Taylor Swift donated $100,000 early Friday morning to the family of Lisa Lopez-Galvan, who was slain in a mass shooting at the Kansas City Chiefs' championship celebration.
The "Elizabeth Lopez-Galvan Memorial" page was created Thursday afternoon to raise $75,000 for the 44-year-old gunshot victim's family. In the early hours of Friday morning, Swift donated $50,000 and then again eight minutes later, pushing the sum above the threshold. Around 1,300 individuals had donated.
Please accept my sincerest sympathy for your loss. Swift wrote, "Love, Taylor Swift."
After traveling halfway around the world to resume her tour after the Super Bowl, Swift is playing the first night of a three-night engagement in Melbourne, Australia. Around Australian showtime, contributions were made.
Swift's spokesperson told Variety that her page donations were real.
"This fund has been set up to benefit the family of Lisa Lopez-Galvan," states the GoFundMe website. Lisa was slain while enjoying the Chiefs' Super Bowl victory parade. Her 22-year-old husband and two children outlive her. She was a wonderful mother, wife, daughter, sister, aunt, cousin, and friend. Please keep her family in your prayers as we sorrow her death. Her family will need financial support from this charity during this unfathomable catastrophe. Any sum is welcomed."
Lopez-Galvan died Wednesday when a bullet hit her abdomen during turmoil. Later accounts stated that she died at the site, not after surgery.

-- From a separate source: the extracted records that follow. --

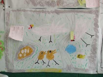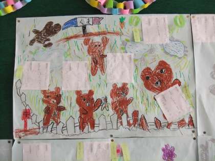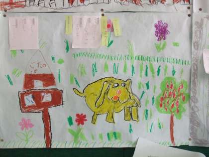 1年生の授業を参観に行ったら、「おはなし動物園」という掲示物があり、思わず見とれてしまいました。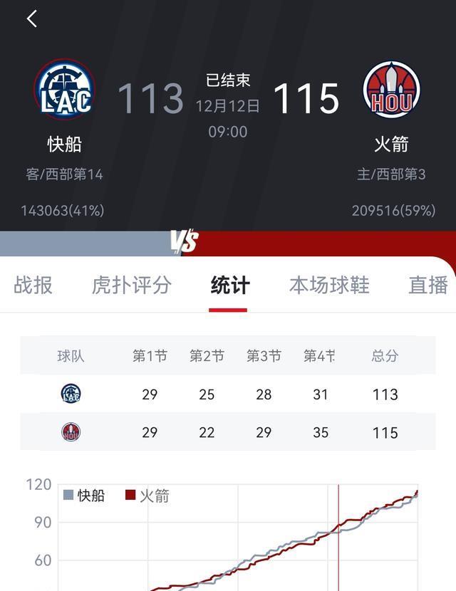 北京时间12月12日上午9点宏泰证券,25-26赛季NBA常规赛在休斯顿丰田中心打响,火箭主场迎战快船。经过四节鏖战,火箭以115-113险胜快船,巩固西部排名。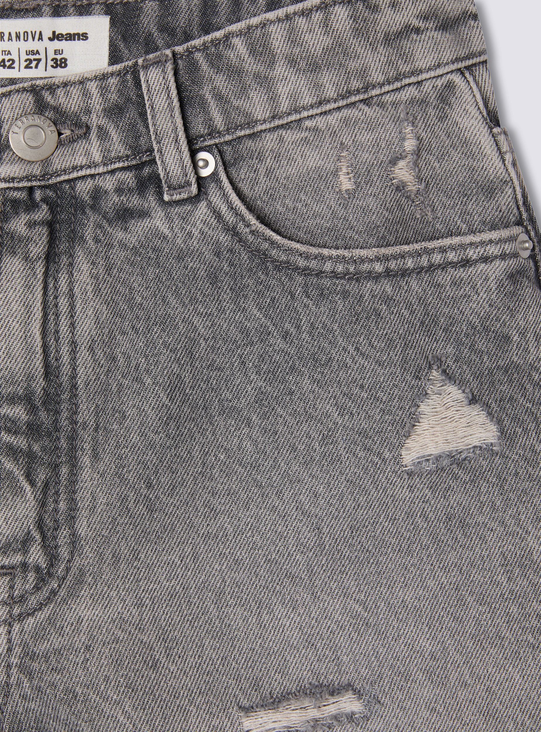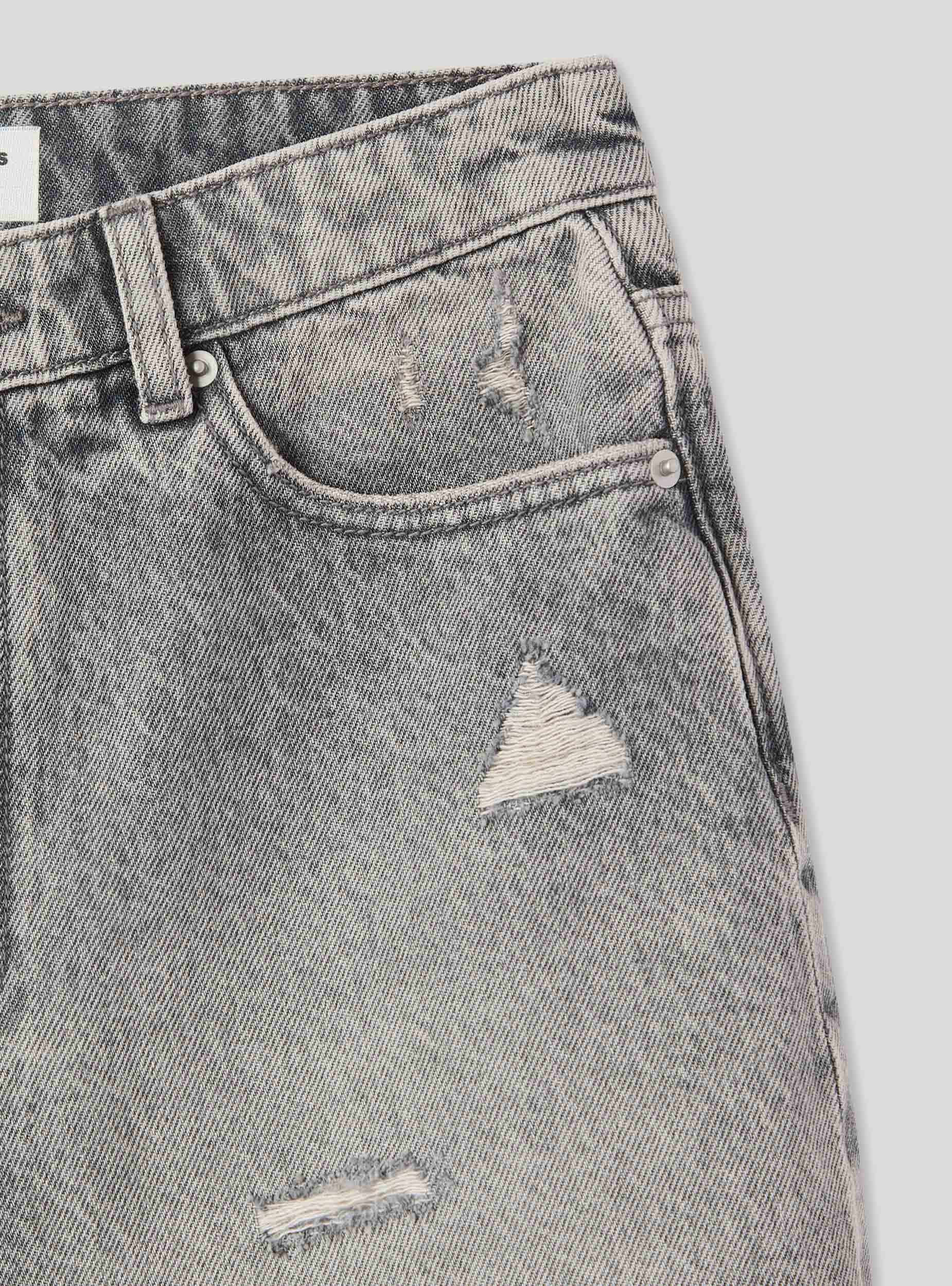 Shkurtër pantallona për gra në stilin mom, të karakterizuara nga një larje denim gri që ofron një pamje bashkëkohore dhe të shumëanshme. Mbyllja me buton dhe zip siguron një përshtatje komode, ndërsa rripat në bel lejojnë personalizimin e veshjes me një brez. Modeli me pesë xhepa garanton praktikë, i pasuruar me çarje të vogla dhe një fund të çarë për një prekje të guximshme. Të përsosur me një t-shirt dhe sneakers për një pamje të rastësishme, ose me një këmishë dhe çizme për një veshje më të rafinuar dhe në modë.Detajet
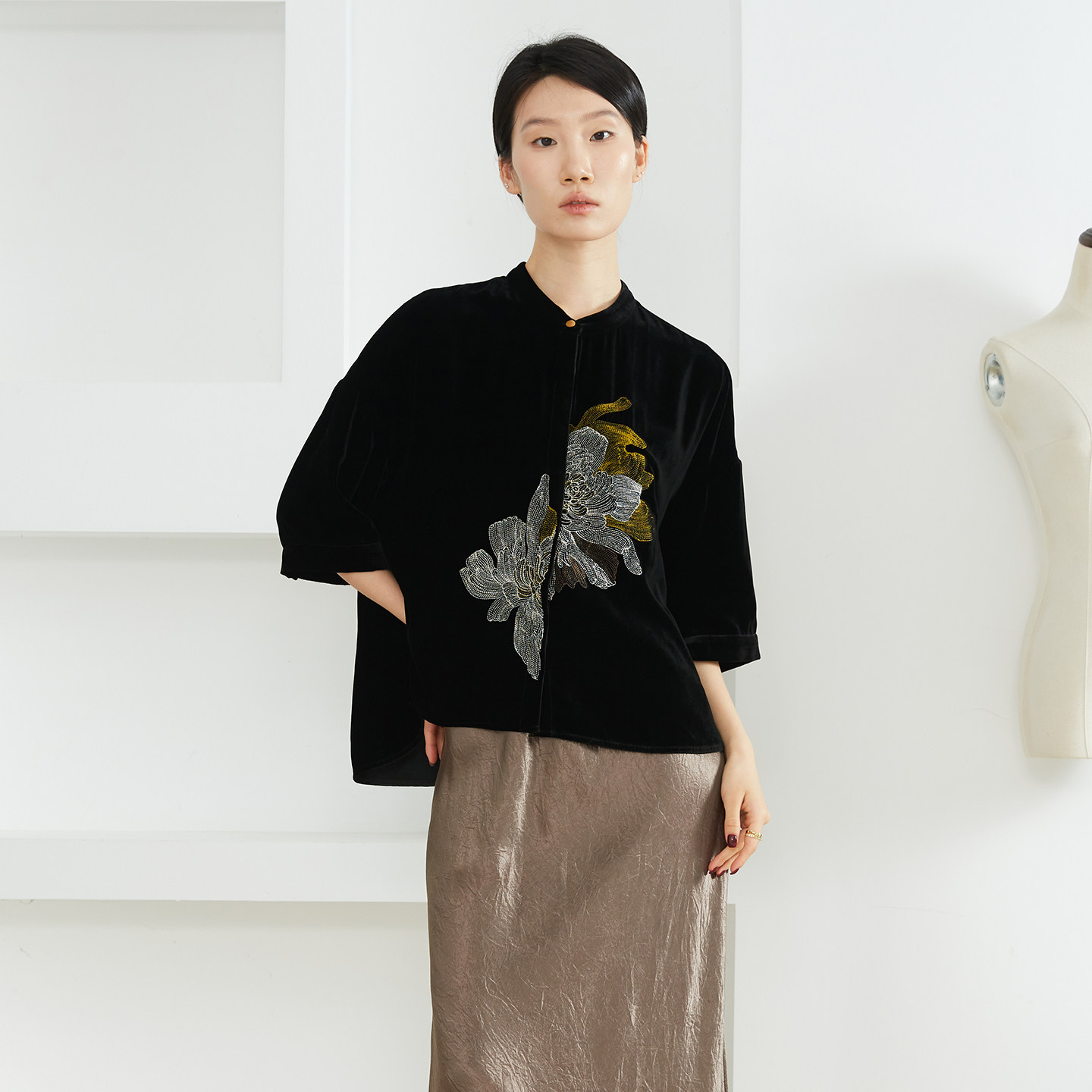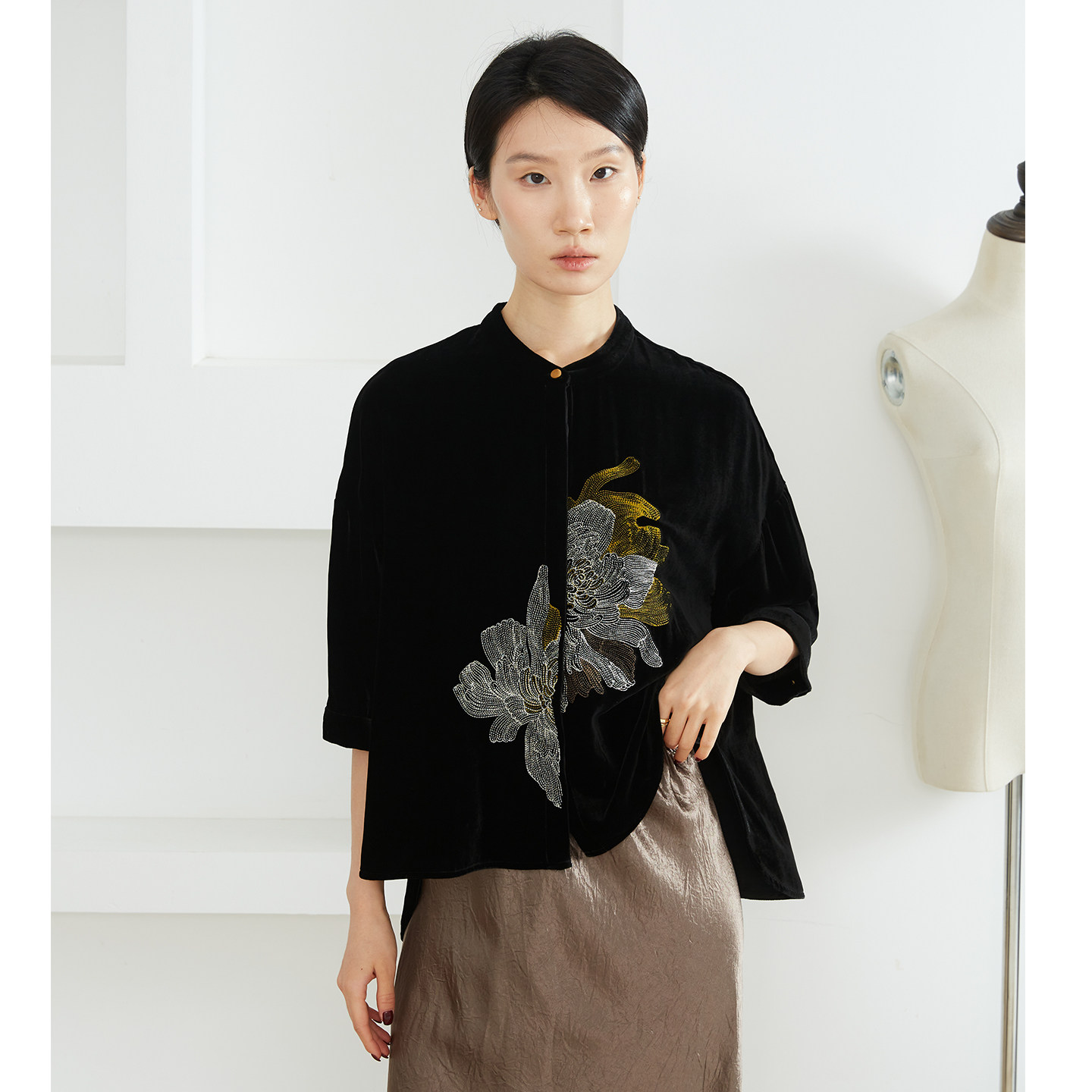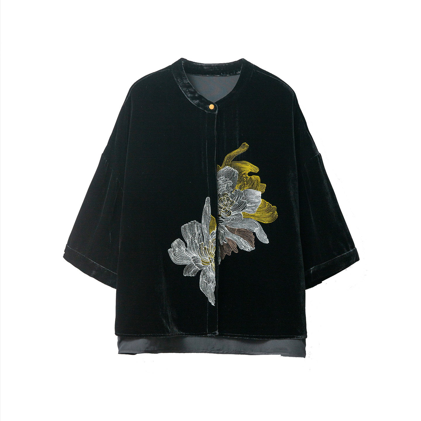 落肩袖 100%桑蚕丝底布重工织金刺绣真丝丝绒外套宽松衬衫 一丝牵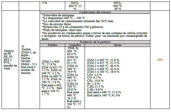 Dadas las características expuestas en la tabla 4, se observa que, en el proceso de pirólisis, se prefiere el uso de los catalizadores heterogéneos a 250 °C, por su economía, la reutilización del mismo, y la facilidad de la separación del producto líquido y el catalizador en fase sólida en la fase final [38].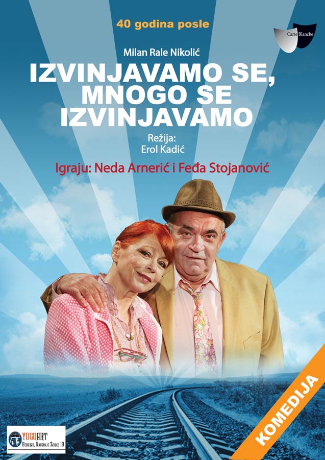 Након 40 година од премијере телевизијске комедије „ИЗВИЊАВАМО СЕ, МНОГО СЕ ИЗВИЊАВАМО“ духовити текст Милана Ралета Николића први пут је доведен до форме истоимене позоришне представе у којој ликове Борке и Милића тумаче Неда Арненић и Феђа Стојановић и која ће се пред публиком у Смедереву играти у уторак, 12. децембра са почетком у 20 сати, у Великој дворани Центра за културу Смедерево. Представа у режији Ерола Кадића на сцени дочарава сусрет и комункацију двоје људи у возу на релацији Ниш – Сталаћ – Параћин – Београд. На први поглед ради се о људима који представљају два неспојива света. Милић је простодушни и доброћудни сељак у својим шездесетим годинама из Сталаћа, по ставовима човек ни у селу, ни у граду. Борка је жена педестих година, рачуновођа, одмерена, емотивно затворена, нежна. Да ли је могуће да им се у једном дану деси нешто што чекају цели живот?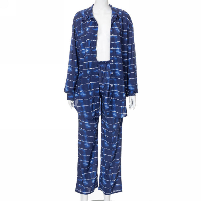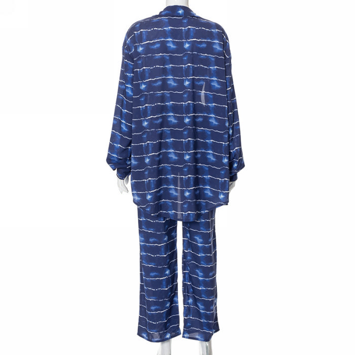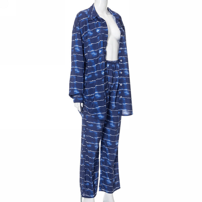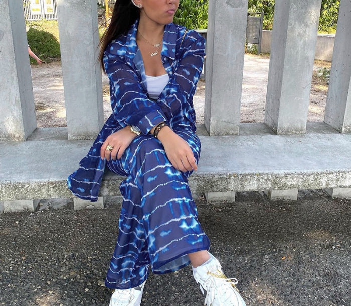 (Real Image)2022 Styles Women Fashion Instagram Styles Blue Print Two Piece SuitSKU: #CF73035-1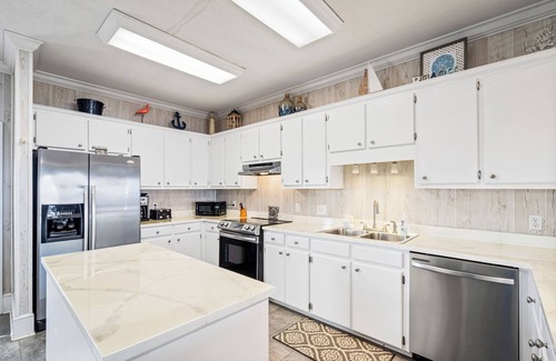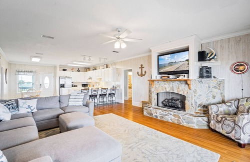 036 Island Time- LEVEL 2 TESLA CHARGING AVAILABLE AT THE HOME -Perfect water-front home for two families! Serene Island Time has it all. With sound system speakers on both decks, you can enjoy your favorite music while experiencing canal and gulf views from the front, or the sweeping, unobstructed views of the Mississippi Sound from the back deck. The open-floor plan features a spacious, well-equipped kitchen. Ten can dine utilizing the four bar stools at the counter adjacent to the six-top dining table. The living room sectional gathers your family around a substantial stone mantle. The East side of the house offers a Master bedroom with a queen bed, tv and dvd player, and a 2nd bedroom with a twin bed and twin bunk beds, cleverly stocked with toys, games, and kid equipment. The shared bath on that side has a tub/shower combo. The west side also offers a bedroom with a queen bed and tv/dvd player, a hall bath with a tub/shower combo, laundry room, and fourth bedroom with two twin beds. You�ll appreciate the modern, nautical d�cor and accommodating extra touches of this home.

Lopez-Galvan co-hosted "Taste of Tejano," a Latin music program on community radio station KKFI, in addition to DJing weddings, the Kansas City Star reported.
Lopez-Galvan was the only death in the violence that followed a gathering celebrating the Chiefs' Bowl win. Police arrested two kids in the horrific shootings Thursday.
Lopez-Galvan's 20-year-old son, Marc, was one of the gunshot victims and was released from the hospital. Two distant relatives also suffered injuries. The victim's adolescent daughter Adriana was present but not struck.
Swift flew to the U.S. between weekend stays in Tokyo and Melbourne to cheer on beau Travis Kelce at the Super Bowl.
GoFundMe upped its maximum donation restriction from $15,000 to $50,000 in 2015 after Swift had to make repeated donations to accomplish her goal. Swift reportedly sought to gift $50,000 to Naomi Oakes, an 11-year-old leukemia patient who used "Bad Blood" as her battle song. Swift had to pay the maximum on GoFundMe in four installments, changing the site's guidelines. Swift donated $100k in installments due to the limit.